_Exercise:_ Restate word for word the part of the material that runs from the line containing "户外三合一冲锋衣 防泼水秋冬两件套防风登山服 男女同款国庆出游" through its final line, inclusive, minus the pictures.

_Data below:_
►

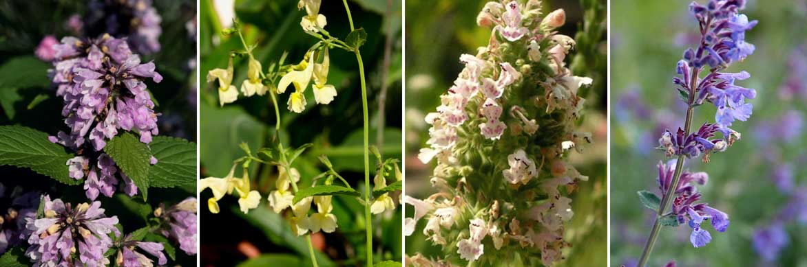La floraison des népétas ! Nepeta subsessilis ‘Pink Dreams’, Nepeta govaniana (photo Scott Zona), Nepeta cataria (photo D. Gordon E. Robertson) et Nepeta faassenii ‘Six Hills Giant’
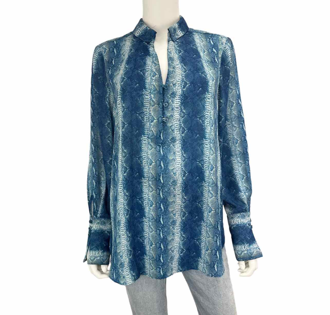 ETCETERA Blue Snake Print Top Size 8
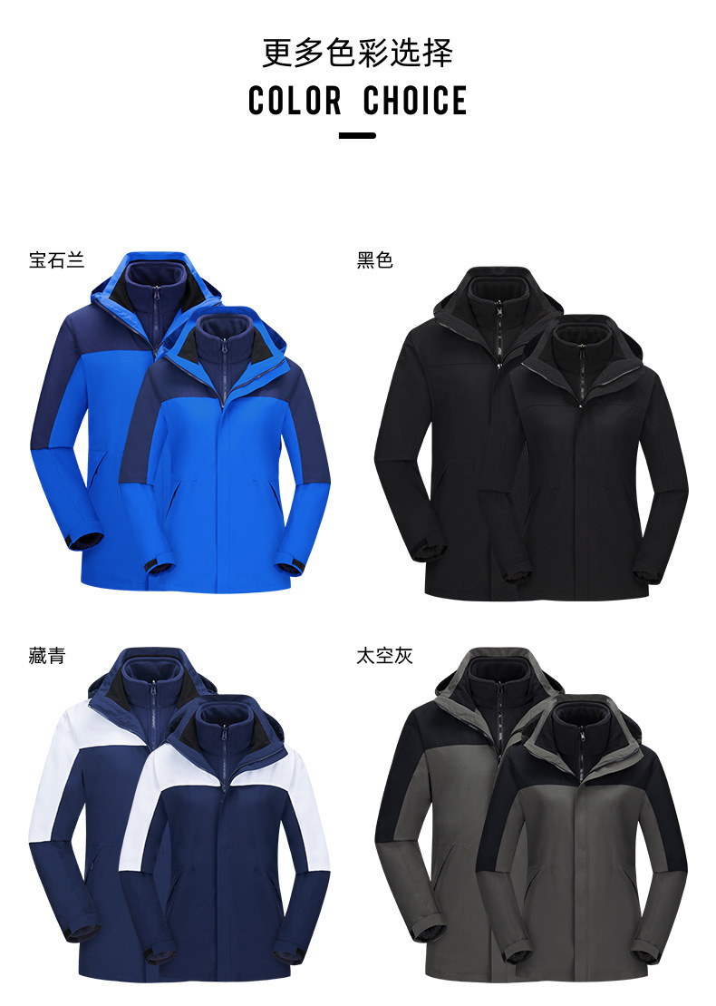 户外三合一冲锋衣 防泼水秋冬两件套防风登山服 男女同款国庆出游
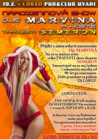 Corzo Pub&Club zve na oslavu narozenin DJ Marvina. V programu se objeví travesti show skupiny Šemeron. Samozřejmostí je nej česká i zahraniční muzika od 90. let po současnost. Dalším gratulantem z ...

◄

_Exercise solution:_
 户外三合一冲锋衣 防泼水秋冬两件套防风登山服 男女同款国庆出游
 Corzo Pub&Club zve na oslavu narozenin DJ Marvina. V programu se objeví travesti show skupiny Šemeron. Samozřejmostí je nej česká i zahraniční muzika od 90. let po současnost. Dalším gratulantem z ...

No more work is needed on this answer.